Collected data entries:
-------
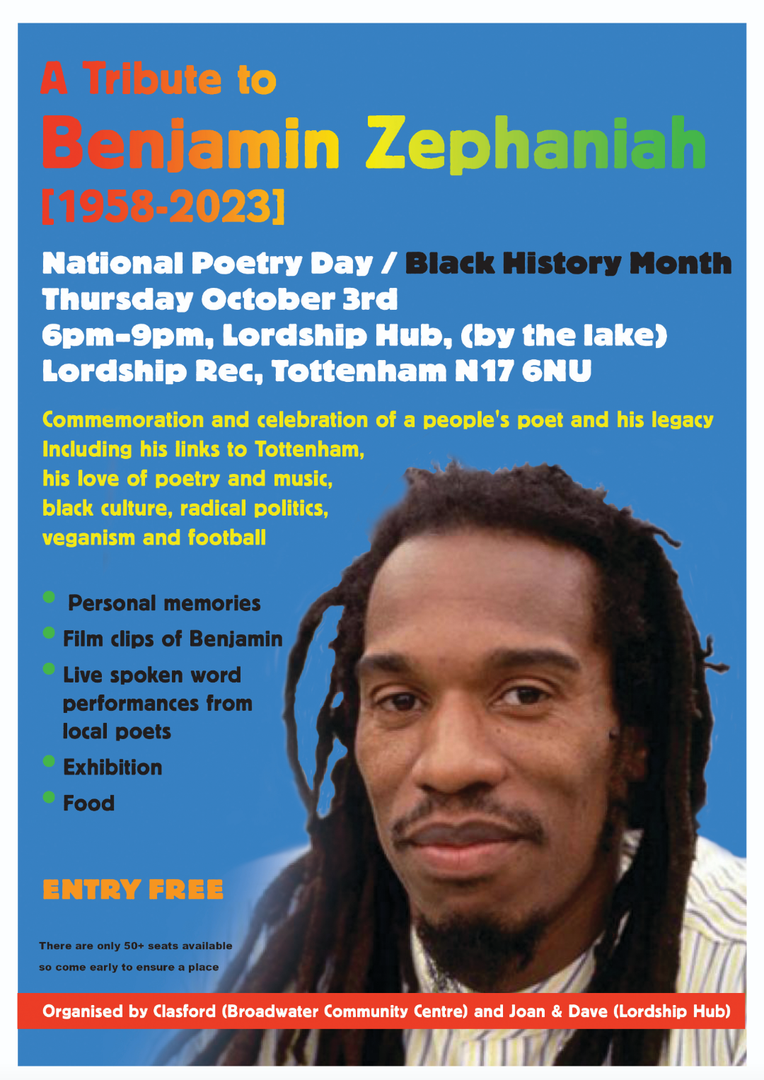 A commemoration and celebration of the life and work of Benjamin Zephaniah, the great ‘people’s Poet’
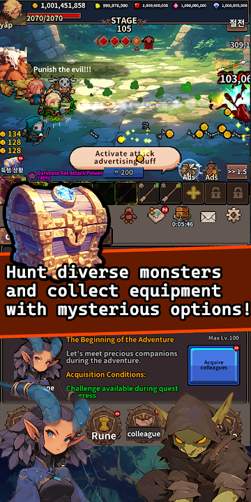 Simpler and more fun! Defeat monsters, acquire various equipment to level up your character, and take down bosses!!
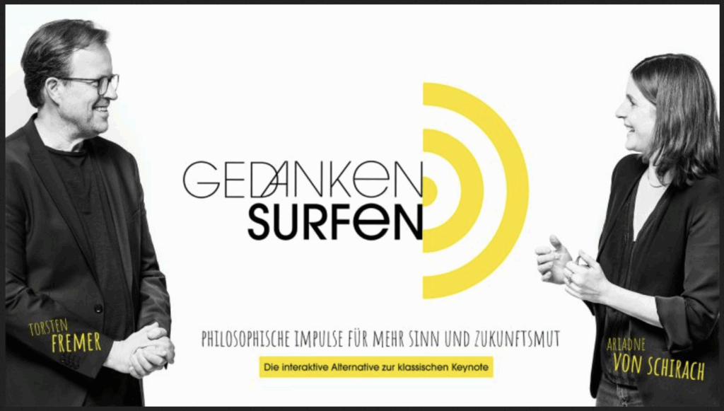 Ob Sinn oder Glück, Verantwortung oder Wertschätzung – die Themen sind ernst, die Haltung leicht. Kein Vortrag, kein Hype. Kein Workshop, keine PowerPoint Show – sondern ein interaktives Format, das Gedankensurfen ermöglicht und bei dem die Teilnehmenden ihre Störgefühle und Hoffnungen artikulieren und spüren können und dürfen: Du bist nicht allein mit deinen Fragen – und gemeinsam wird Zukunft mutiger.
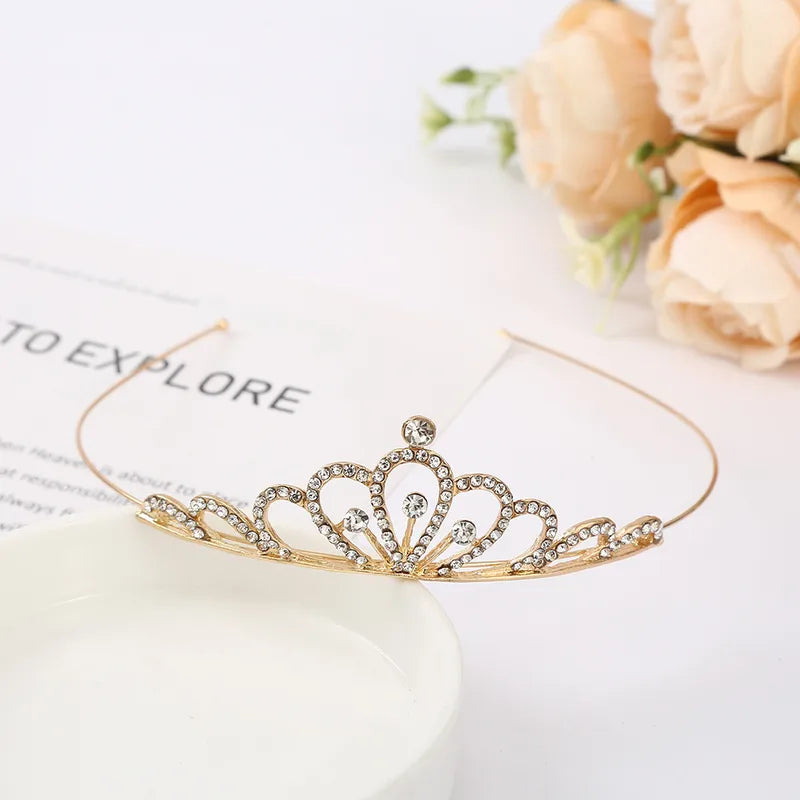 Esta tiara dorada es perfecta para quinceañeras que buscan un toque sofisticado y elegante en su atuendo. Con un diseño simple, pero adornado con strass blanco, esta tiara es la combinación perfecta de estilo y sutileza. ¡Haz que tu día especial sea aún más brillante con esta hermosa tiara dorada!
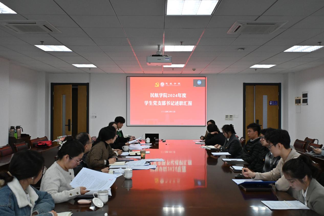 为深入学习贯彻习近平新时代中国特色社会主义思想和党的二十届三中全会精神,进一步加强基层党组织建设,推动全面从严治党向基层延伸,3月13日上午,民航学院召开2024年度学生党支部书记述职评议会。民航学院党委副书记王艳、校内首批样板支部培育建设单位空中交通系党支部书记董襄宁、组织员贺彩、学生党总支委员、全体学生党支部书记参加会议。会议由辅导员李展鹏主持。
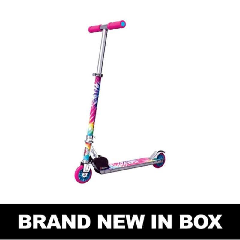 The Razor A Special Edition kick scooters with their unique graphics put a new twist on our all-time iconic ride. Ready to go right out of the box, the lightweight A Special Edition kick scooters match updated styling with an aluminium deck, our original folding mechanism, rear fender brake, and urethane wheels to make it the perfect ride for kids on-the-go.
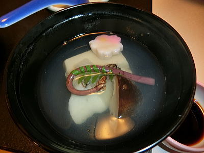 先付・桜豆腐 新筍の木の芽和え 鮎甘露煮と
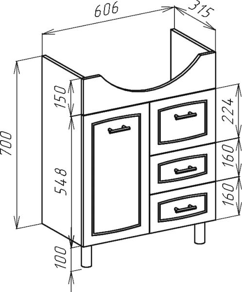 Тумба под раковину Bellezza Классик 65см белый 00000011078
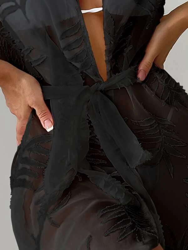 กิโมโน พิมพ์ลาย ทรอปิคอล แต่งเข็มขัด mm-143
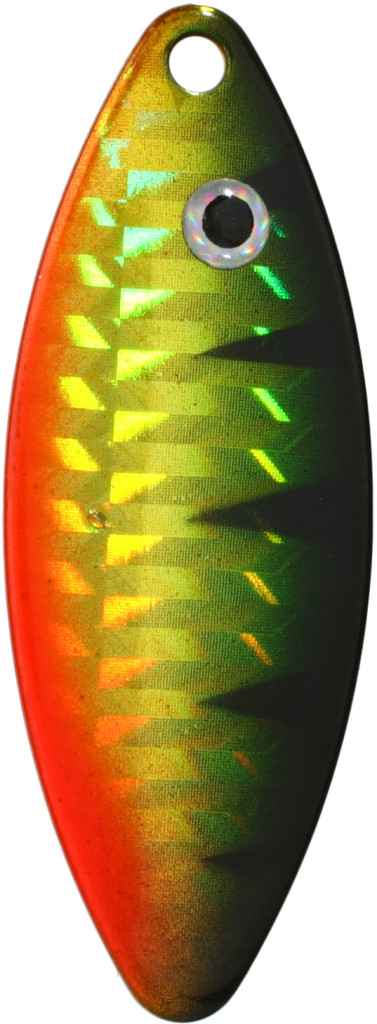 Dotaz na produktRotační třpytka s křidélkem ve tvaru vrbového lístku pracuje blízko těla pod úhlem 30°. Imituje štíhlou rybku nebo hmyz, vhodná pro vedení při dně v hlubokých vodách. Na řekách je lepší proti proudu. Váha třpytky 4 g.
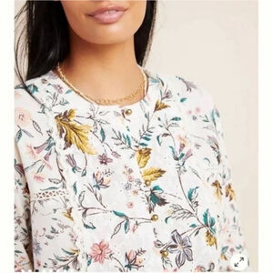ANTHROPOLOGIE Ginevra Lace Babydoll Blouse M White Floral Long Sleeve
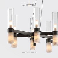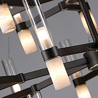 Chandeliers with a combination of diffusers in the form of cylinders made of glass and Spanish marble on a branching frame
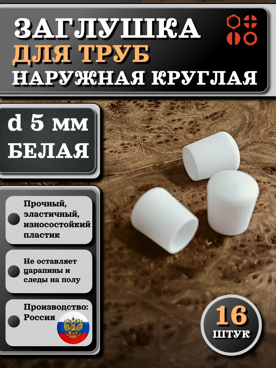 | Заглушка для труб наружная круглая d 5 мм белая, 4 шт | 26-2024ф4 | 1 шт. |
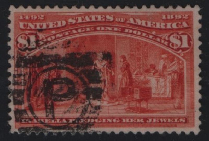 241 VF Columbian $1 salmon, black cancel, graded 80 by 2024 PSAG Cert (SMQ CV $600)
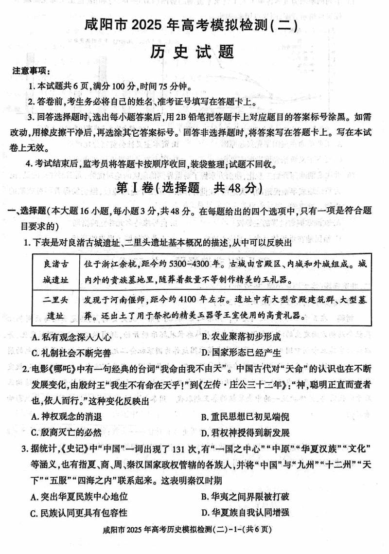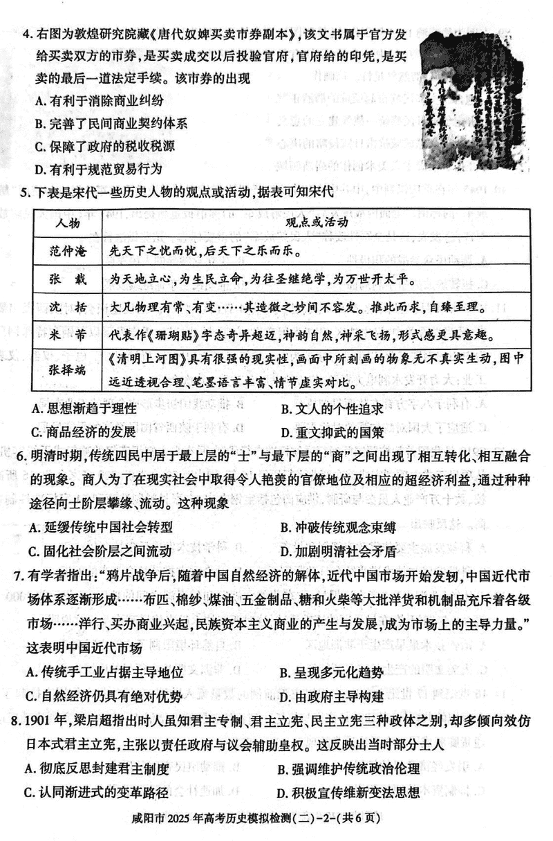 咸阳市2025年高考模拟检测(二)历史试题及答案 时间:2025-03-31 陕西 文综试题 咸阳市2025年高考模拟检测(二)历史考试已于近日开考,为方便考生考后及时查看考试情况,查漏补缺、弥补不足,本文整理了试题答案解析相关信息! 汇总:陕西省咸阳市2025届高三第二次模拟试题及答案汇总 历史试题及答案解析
-------
Please leave out the pictures as you reproduce the lines exactly, from the first line of the entries through the line containing "Ob Sinn oder".

 A commemoration and celebration of the life and work of Benjamin Zephaniah, the great ‘people’s Poet’
 Simpler and more fun! Defeat monsters, acquire various equipment to level up your character, and take down bosses!!
 Ob Sinn oder Glück, Verantwortung oder Wertschätzung – die Themen sind ernst, die Haltung leicht. Kein Vortrag, kein Hype. Kein Workshop, keine PowerPoint Show – sondern ein interaktives Format, das Gedankensurfen ermöglicht und bei dem die Teilnehmenden ihre Störgefühle und Hoffnungen artikulieren und spüren können und dürfen: Du bist nicht allein mit deinen Fragen – und gemeinsam wird Zukunft mutiger.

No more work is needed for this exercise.